TO DO -> In the records below, repeat word for word only the lines starting at the one that contains "Bordová semišová kabelka" and ending at the one that contains "Onder gelukkig droge", pictures excluded.

EXCERPTED DATA ->

+---+

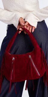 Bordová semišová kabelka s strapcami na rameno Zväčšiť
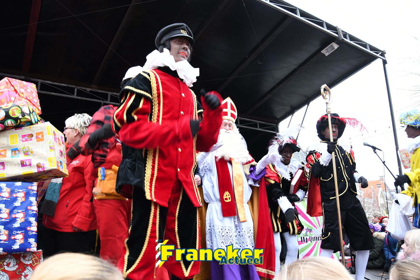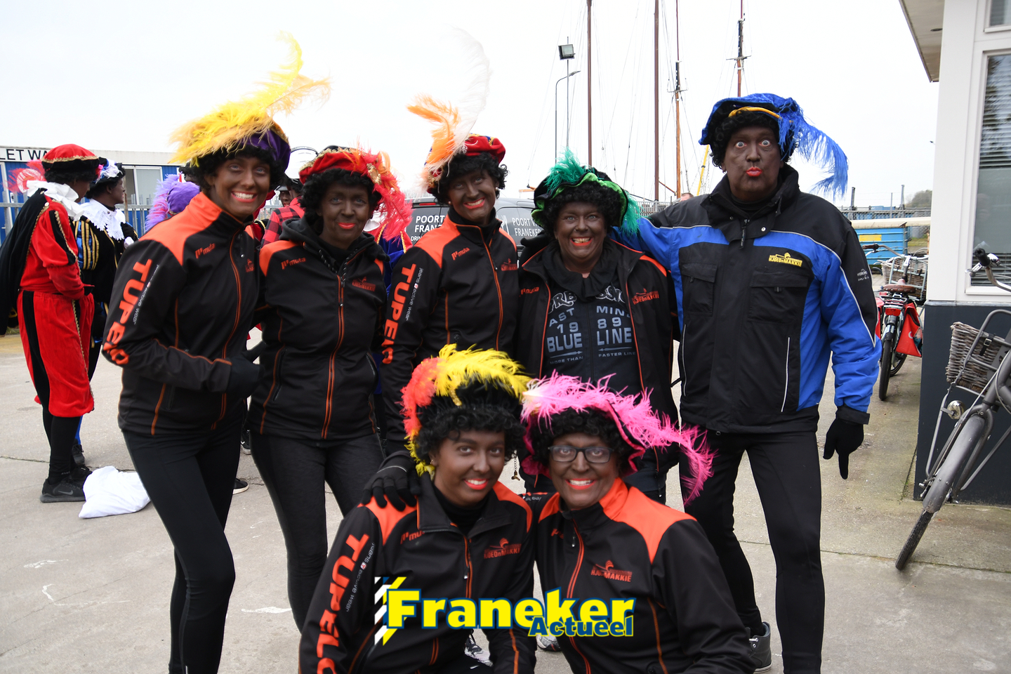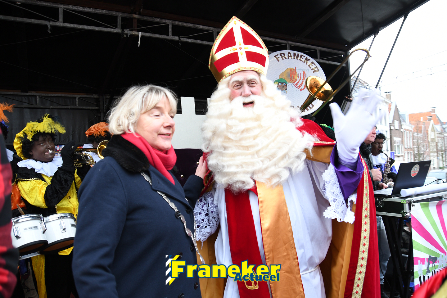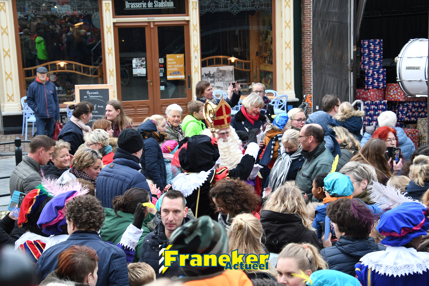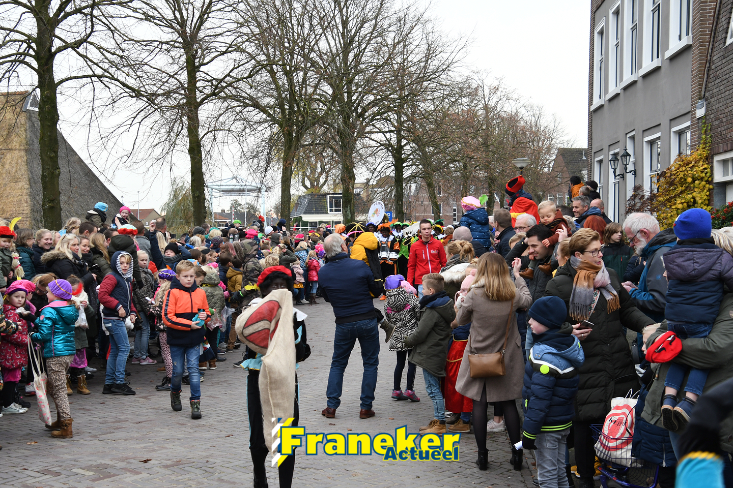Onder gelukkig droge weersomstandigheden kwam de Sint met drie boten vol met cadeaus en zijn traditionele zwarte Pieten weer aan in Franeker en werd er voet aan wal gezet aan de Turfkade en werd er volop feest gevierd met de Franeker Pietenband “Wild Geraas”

+---+

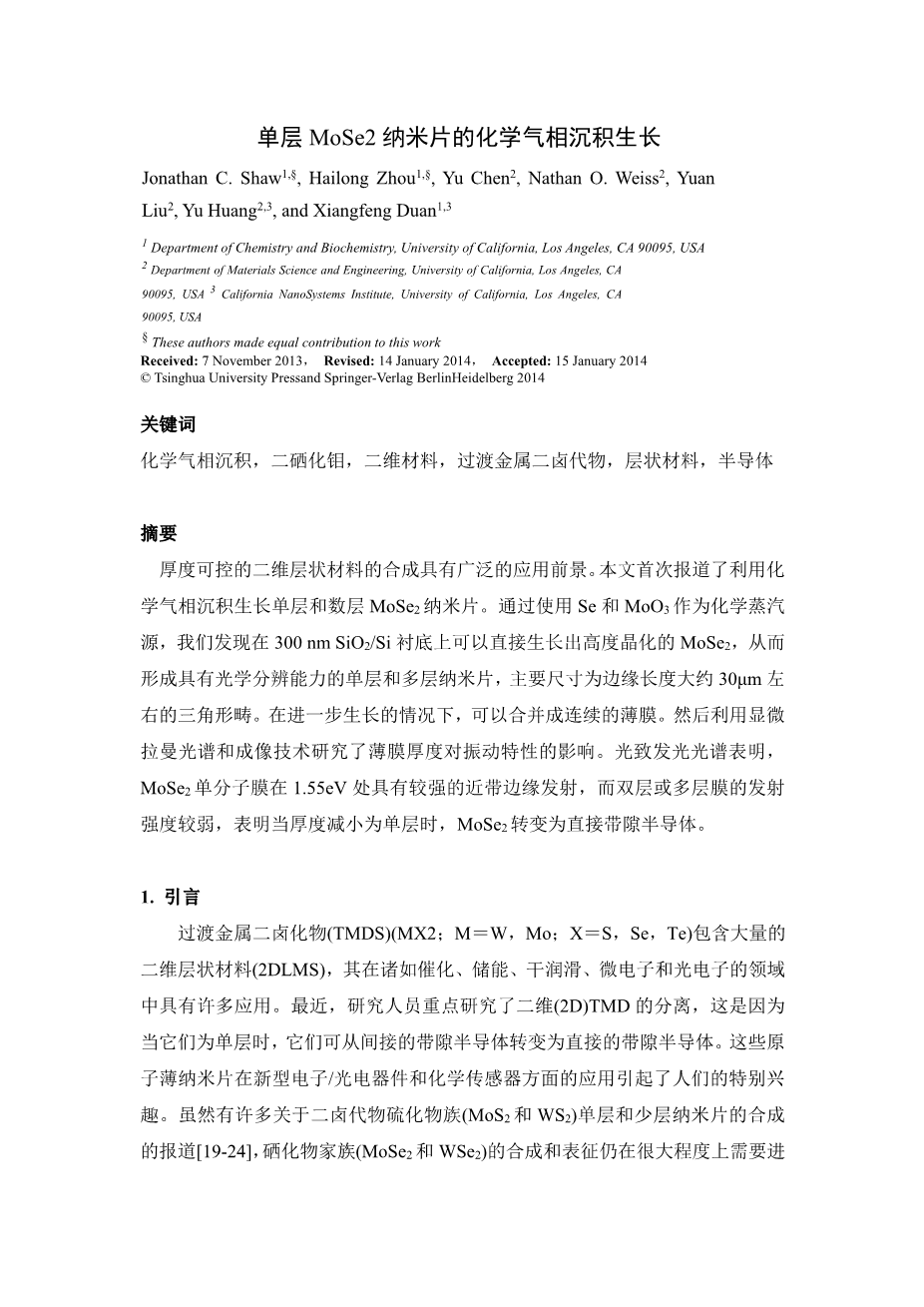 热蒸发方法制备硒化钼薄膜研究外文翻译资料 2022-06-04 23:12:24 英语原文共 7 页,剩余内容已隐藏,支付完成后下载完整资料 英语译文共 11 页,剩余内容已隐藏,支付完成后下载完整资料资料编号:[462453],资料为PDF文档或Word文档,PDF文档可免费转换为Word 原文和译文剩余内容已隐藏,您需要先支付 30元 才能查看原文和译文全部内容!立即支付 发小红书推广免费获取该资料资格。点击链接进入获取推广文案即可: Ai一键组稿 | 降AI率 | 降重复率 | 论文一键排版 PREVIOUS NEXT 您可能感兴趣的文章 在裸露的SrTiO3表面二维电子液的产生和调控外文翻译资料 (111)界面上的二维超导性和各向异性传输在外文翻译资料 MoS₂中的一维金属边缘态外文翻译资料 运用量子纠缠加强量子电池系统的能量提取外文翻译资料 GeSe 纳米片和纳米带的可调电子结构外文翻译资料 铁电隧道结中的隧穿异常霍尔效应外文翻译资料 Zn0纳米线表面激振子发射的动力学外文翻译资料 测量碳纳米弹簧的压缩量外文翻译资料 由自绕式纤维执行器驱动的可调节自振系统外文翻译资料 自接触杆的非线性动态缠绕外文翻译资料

+---+

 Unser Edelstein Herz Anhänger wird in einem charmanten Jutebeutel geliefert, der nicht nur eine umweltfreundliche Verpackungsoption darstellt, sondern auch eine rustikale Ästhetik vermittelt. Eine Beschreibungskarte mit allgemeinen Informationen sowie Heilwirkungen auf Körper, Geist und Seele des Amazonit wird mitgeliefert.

+---+

SOLUTION TO THIS TASK ->
 Bordová semišová kabelka s strapcami na rameno Zväčšiť
Onder gelukkig droge weersomstandigheden kwam de Sint met drie boten vol met cadeaus en zijn traditionele zwarte Pieten weer aan in Franeker en werd er voet aan wal gezet aan de Turfkade en werd er volop feest gevierd met de Franeker Pietenband “Wild Geraas”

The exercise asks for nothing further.